Loading the model & setting up caffe

We will use the model from https://github.com/metalbubble/CAM



In [2]:

    
# We'll need to download the model weights
# Make sure you run this script to download the model weights file
# experiments/visualization/CAM/models/download.sh



In [3]:

    
cam_path = 'visualization/CAM'
model_definition = cam_path + '/models/deploy_googlenetCAM.prototxt'
model_weights    = cam_path + '/models/imagenet_googleletCAM_train_iter_120000.caffemodel'

caffe.set_mode_gpu()
net = caffe.Net(model_definition,
         model_weights,
         caffe.TEST)
print 'Net model sucessfully loaded'









    



Net model sucessfully loaded



In [4]:

    
# load the mean places image 
mu = np.load('Emotion6/places205CNN_mean.npy')
mu = mu.mean(1).mean(1)  # average over pixels to obtain the mean (BGR) pixel values
print 'mean-subtracted values:', zip('BGR', mu)

# create transformer for the input called 'data'
transformer = caffe.io.Transformer({'data': net.blobs['data'].data.shape})

transformer.set_transpose('data', (2,0,1))  # move image channels to outermost dimension
transformer.set_mean('data', mu)            # subtract the dataset-mean value in each channel
transformer.set_raw_scale('data', 255)      # rescale from [0, 1] to [0, 255]
transformer.set_channel_swap('data', (2,1,0))  # swap channels from RGB to BGR









    



mean-subtracted values: [('B', 104.92972906422801), ('G', 113.25471068604384), ('R', 116.20969209889881)]

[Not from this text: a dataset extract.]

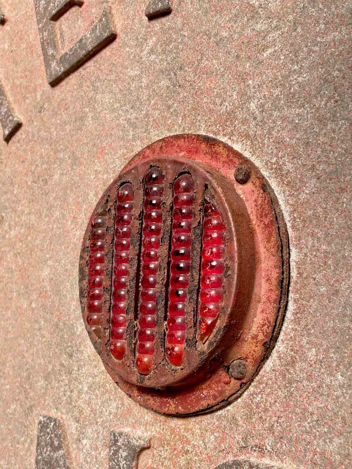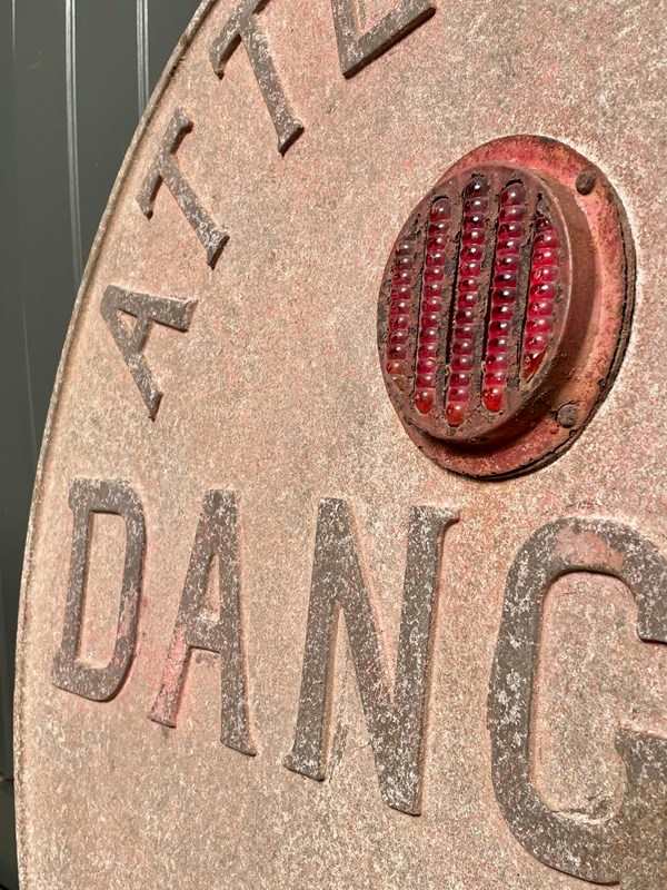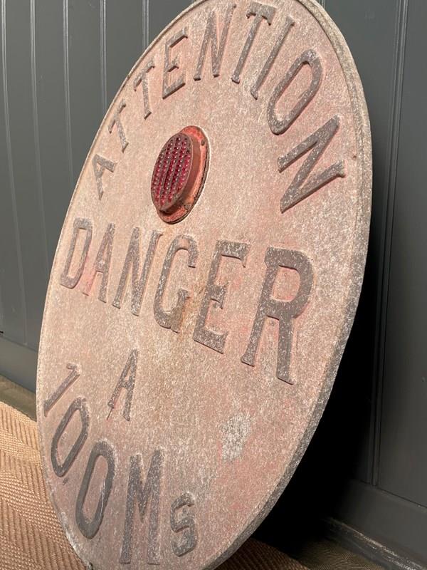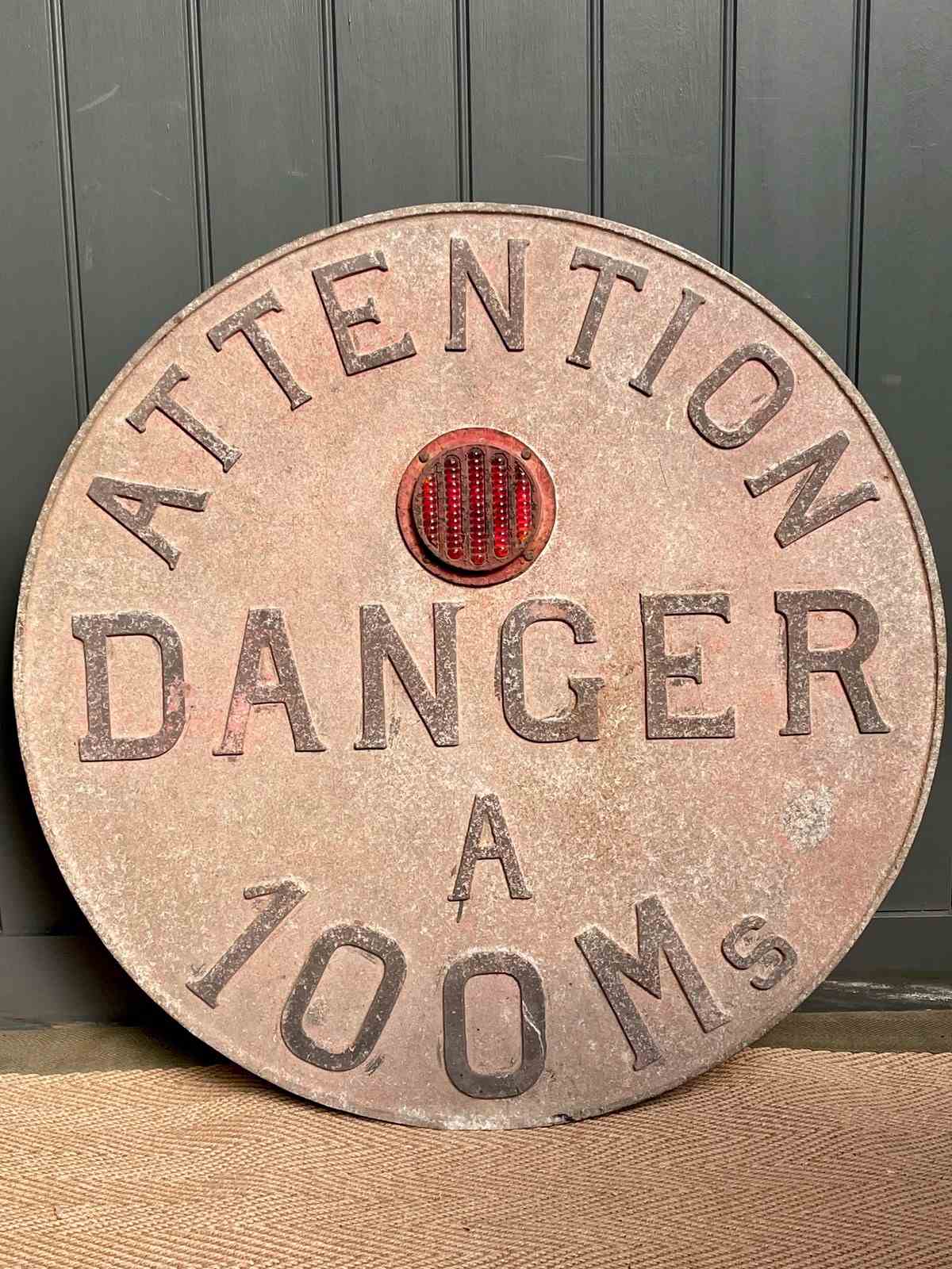 Lovely French road sign warning of Danger ahead, and complete with red reflective ‘beads’ to catch the headlight’s beam. Beautiful patina, with just the last hints of the original paint still visible.
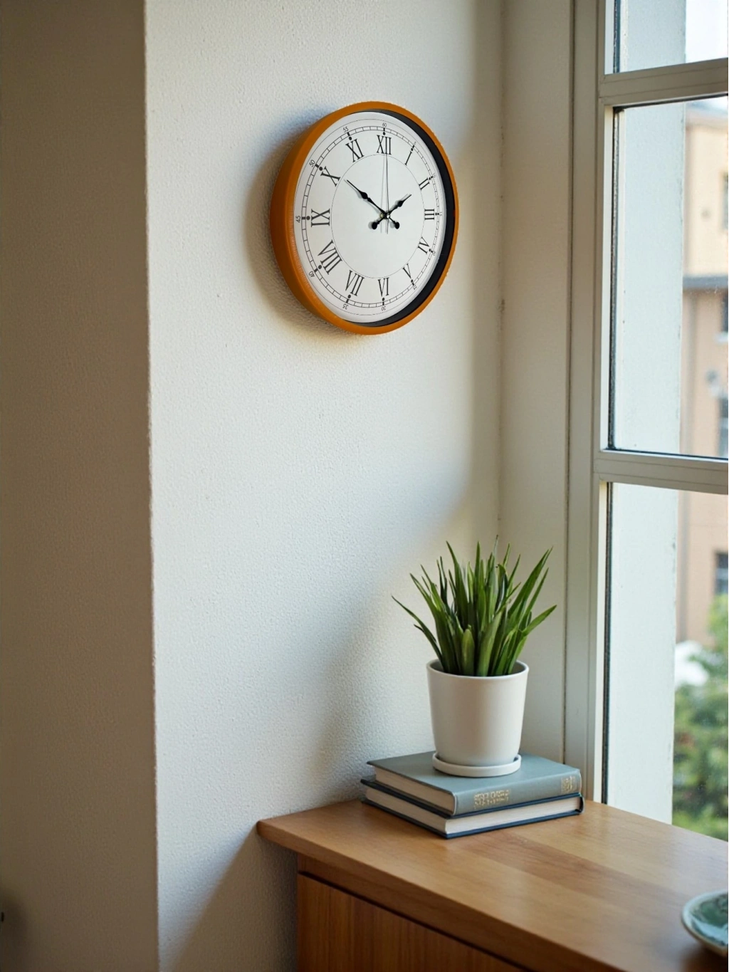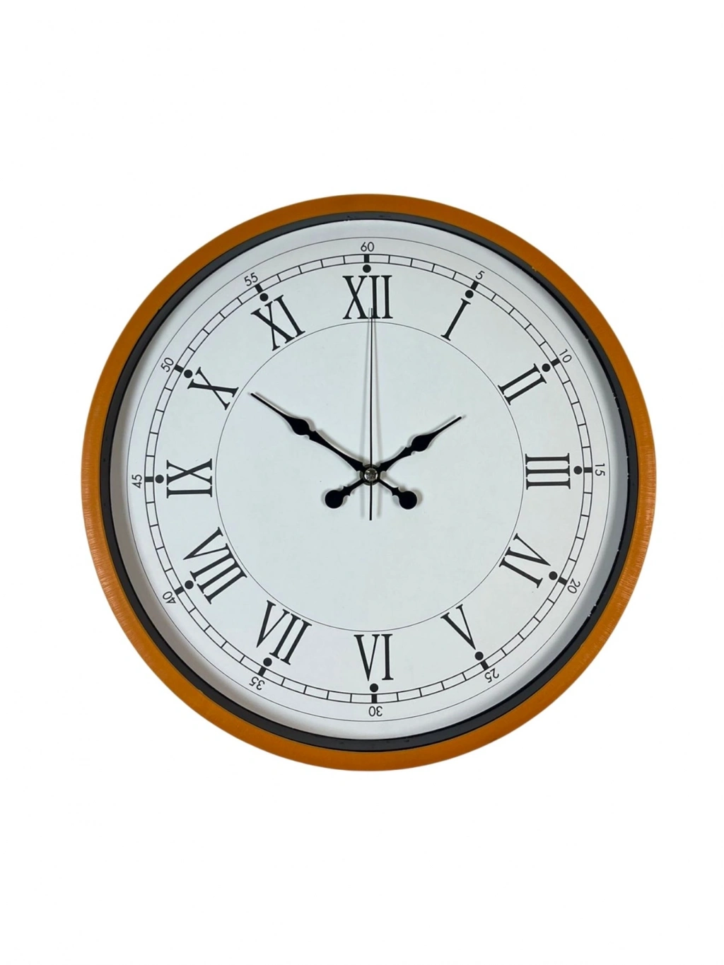 Canlı turuncu çerçevesiyle dikkat çeken bu 36 cm duvar saati, klasik Roma rakamlı kadran tasarımıyla zamansız bir şıklık sunar. Beyaz zemin üzerine yerleştirilen siyah Roma rakamları, saatin okunurluğunu artırırken dekorasyona güçlü bir karakter kazandırır.

Classifying images in the test set



In [5]:

    
def classify_image(image_file):
    image = caffe.io.load_image(image_file)
    net.blobs['data'].data[...] = transformer.preprocess('data', image)
    # perform classification
    net.forward()
    
def show_image(image_file):
    image = caffe.io.load_image(image_file)
    plt.imshow(image)
    plt.show()

sample_image = 'visualization/CAM/img2.jpg'
show_image(sample_image)



In [6]:

    
classify_image(sample_image)

conv_blobs    = net.blobs['CAM_conv'].data[0]
weight_matrix = net.params['CAM_fc'][0].data
net_output    = net.blobs['prob'].data[0]



In [7]:

    
def weights_for_class(class_idx):
    return weight_matrix[class_idx,:]

c = conv_blobs.reshape([conv_blobs.shape[0], conv_blobs.shape[1]*conv_blobs.shape[2]])    

import scipy

def show_CAM(img, idx):
    w = weights_for_class(idx)
    CAM = c.transpose().dot(w)
    print 'Class no. %i Activation Mapping' % idx
    mask = CAM.reshape(14,14)
    threshold = 0.5*mask.max()
    mask[mask < threshold] = 0
    mask = scipy.misc.imresize(mask,img.shape[:2])     
    masked = img * mask[:,:,None]
    f, axarr = plt.subplots(1,2)
    axarr[0].imshow(img)
    axarr[1].imshow(masked/masked.max())
    plt.show()

top5_ids = np.argsort(net_output)[-5:][::-1]
image = caffe.io.load_image(sample_image)

for class_id in top5_ids:
    show_CAM(image, class_id)
    plt.show()









    



Class no. 698 Activation Mapping






    












    



Class no. 538 Activation Mapping






    












    



Class no. 873 Activation Mapping






    












    



Class no. 497 Activation Mapping






    












    



Class no. 406 Activation Mapping

Next steps:

Finetuning of the CAM nets to work with thresholded valendce annotations
Training with the new database (IAPS)
Finetune a NiN model and examine the inner convolutional layers' outputs. Do they retain semantic information?
Localization:
- Choose a database (or databases) with object (localization) annotations (maybe MS COCO)
- Create positive and negative samples: positives contain the objects of interest, negatives do not contain objects.
- Train a 2-class classifier.
- Analyze the CAM output. Does it contain localization information?
- Plan B: analyze the RF output of the conv layers and relate it to object O location.
How do RFs evolve during fine tuning?